Through Tully, Huffman comes to contact with several veterans who were there during that time, and each of them has each own story to tell. While Takoda (Samuel L. Jackson) and Ray (Ed Harris) seem to be fine on the surface, it later turns out that both of them have lots of survivor’s guilt behind their gruff façade, and there is a little heartbreaking moment when Takoda struggles to talk with Pitsenbarger’s parents on the phone at one night. In case of Jimmy (Peter Fonda), he is still battling with the post-traumatic stress disorder caused by his terrible war experience, and an unnerving scene between him and Huffman conveys to us a lot about how much this deeply troubled recluse has suffered during more than 30 years.

Huffman also meets Pitsenbarger’s parents Frank (Christopher Plummer) and Alice (Diane Ladd), and he comes to emphasize more with their desperate wish for their dear dead son getting the full recognition he deserves. Although he does not have many years to live due to his terminal illness, Frank firmly believes that there is still a chance for seeing his son finally receiving the Medal of Honor, and Alice stands by her husband as before, while fondly remembering their son along with him.

In the meantime, the movie occasionally gives us flashback scenes which show us how dangerous the situation surrounding Pitsenbarger and other soldiers was. As admitted later in the story by a prominent politician who was their commander during that time, it was pretty disastrous for everyone on the battleground, and director/writer Todd Robinson did a good job of presenting their bloody chaos on the screen.

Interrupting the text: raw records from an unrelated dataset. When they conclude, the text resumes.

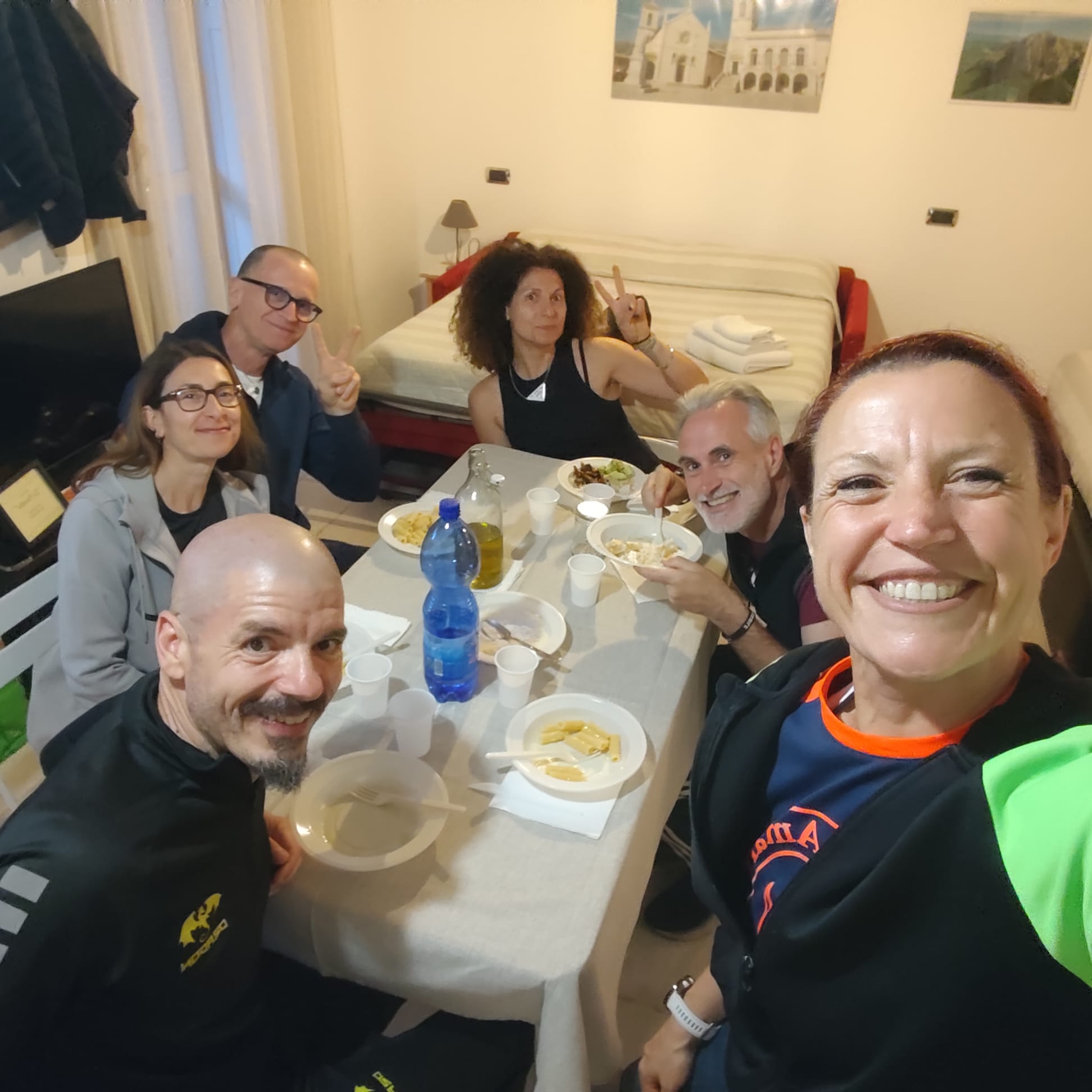 Una nota di colore: la famiglia Bradipa si aggrega sempre! La sera prima della gara, tutti e sette si sono ritrovati a cena insieme a casa Bianchini/Bonifacino, gustando un bel piatto di pasta e condividendo l’entusiasmo per questa avventura.
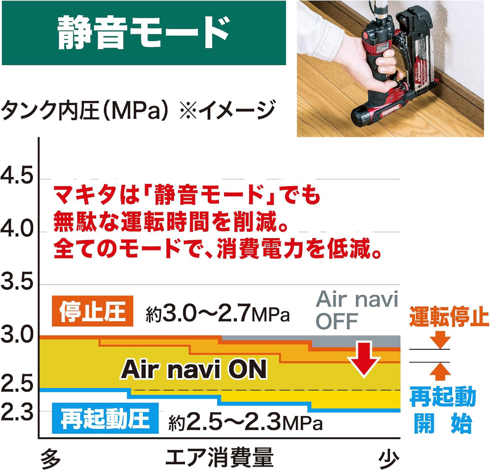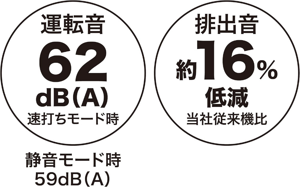 「高耐久&仕事中の低騒音化」を実現。 さらに消費電力も低減でき、ブレーカ落ちを軽減。
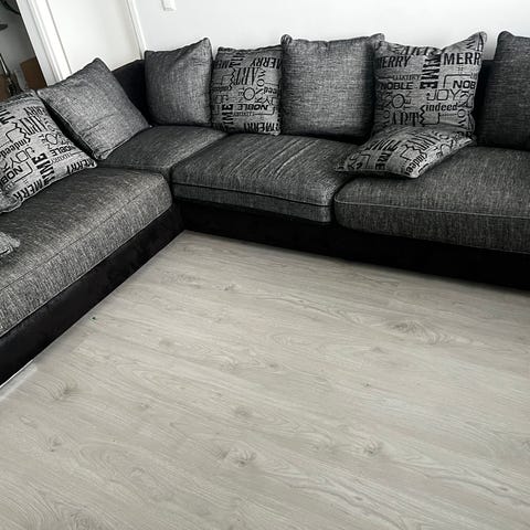 Vuosia käytössä ollut sohva. Koiratalous. Heittotyynyt, vetoketjulla olevat päälliset. 9 kpl isoja, 2 kpl pieniä. Kahdessa pikkutyynyssä koira kulmia vähän järsinyt, päälliset helposti vaihdettavissa. Muuten kaikki ehjää. Sohvan kätisyyttä ei vaihdettavissa. Sohva menee kolmeen osaan kuljetuksen helpottamiseksi.
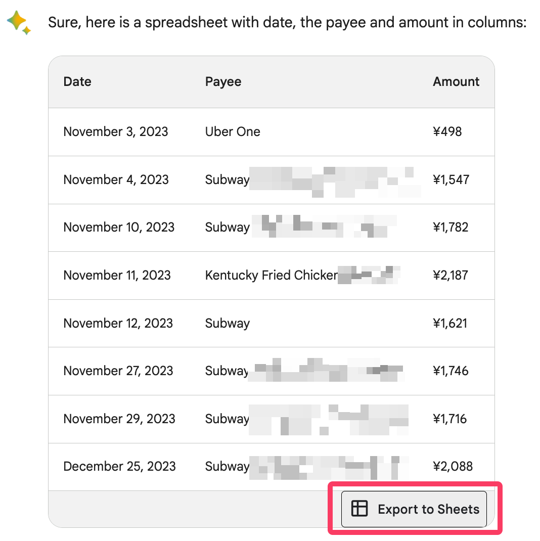 例えば、前項のように、表形式・CSV形式でデータを整理するようにBardに頼み、テーブルが出力されたら、右下に「Export to Sheets」というボタンが表示される。

However, Pitsenbarger, who is mostly presented via these flashback scenes, is not depicted with enough human qualities. As the movie keeps emphasizing on his undeniable courage, he becomes more like a broad icon instead of a vivid character filled with flesh and blood, and that is the main reason why the expected finale leaves some empty impression despite sincere respect to Pitsenbarger.

Anyway, Robinson assembles a bunch of various performers for his movie, and many of them are reliable as before. Although he is tasked with playing a colorless surrogate hero for the audiences, Sebastian Stan acquits himself well, and the other notable cast members including Christopher Plummer, William Hurt, Samuel L. Jackson, Ed Harris, Peter Fonda (This is his final film role, by the way), John Savage, Diane Ladd, Amy Madigan, LisaGay Hamilton, Bradley Whitford, Dale Dye, and Jeremy Irvine are solid on the whole.

Overall, “The Last Full Measure”, whose title is derived from a quote from Abraham Lincoln’s Gettysburg Address, is a well-intentioned but flawed drama film, and I cannot recommend it for several weak aspects including its weak plot and characterization, but I will not deny that I enjoyed watching some of its main cast members including Hurt, Plummer, Jackson, Harris, Savage, and Fonda transcending their rote materials at times. That is indeed a good example of the power of acting, and you may be interested in watching the movie just for admiring how they make it work to some degree.